A random forest classifier model an accuracy value of **68.0%** with n_estimators = 1, which is acceptable but not better value. With a random forest classifier model with n_estimators highers values, an accuracy value of **88.0%** is obtained, it shows that increasing the number of trees help to get better results.

## Ensemble size effect
Try with SVMs - does the RBF kernel perform better than the linear one? It does not do better, but anyway the values obtained are very good.

In [4]:
from sklearn.svm import LinearSVC

# Create SVM with linear kernel
linear_svc = LinearSVC()

# Fitting on train set
linear_svc.fit(X_tr, y_tr)

# Evaluate on train set
accuracy_tr = linear_svc.score(X_tr, y_tr)

# Evaluate on test set
accuracy_te = linear_svc.score(X_te, y_te)

# Print accuracy
print('Train accuracy: {:.1f}%'.format(100*accuracy_tr))
      
# Print accuracy
print('Test accuracy: {:.1f}%'.format(100*accuracy_te))

Train accuracy: 100.0%
Test accuracy: 92.0%


In [5]:
from sklearn.svm import SVC

# Create SVM with RBF kernel
rbf_svc_c1 = SVC(kernel='rbf', C=1)

# Fitting on train set
rbf_svc_c1.fit(X_tr, y_tr)

# Evaluate on train set
accuracy_tr = rbf_svc_c1.score(X_tr, y_tr)

# Evaluate on test set
accuracy_te = rbf_svc_c1.score(X_te, y_te)

# Print accuracy
print('Train accuracy: {:.1f}%'.format(100*accuracy_tr))
      
# Print accuracy
print('Test accuracy: {:.1f}%'.format(100*accuracy_te))

Train accuracy: 99.3%
Test accuracy: 94.0%


## Linear, RBF SVMs

After fitting a random forest classifier model an accuracy value of **68.0%** is obtained, which is not a good value. With a random forest classifier model with cross-validation estimator, an accuracy value of **88.0%** is obtained, it is a really good value, it is better than the one obtained previously. 

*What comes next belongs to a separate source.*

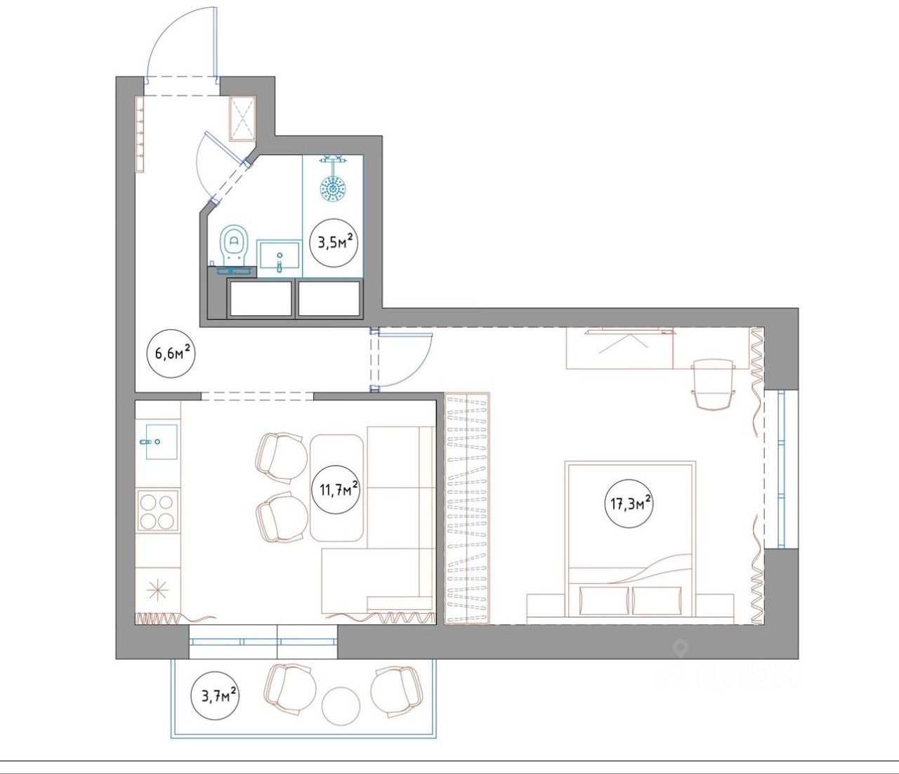 Угловая двусторонняя-самая лучшая планировка для 1комн. квартиры. Окна смотрят на юг и запад.

Finally, with a support vector classification (SVM) object get a value of accuracy of **92.0%** getting a good value. support vector classification (SVM) with linear kernel object get a value of accuracy of **94.0%**. Both values show an improvement of the accuracy value using SVM model (with or without kernel), but even so, it is the best value obtained by random forest classifier model with cross-validation estimator.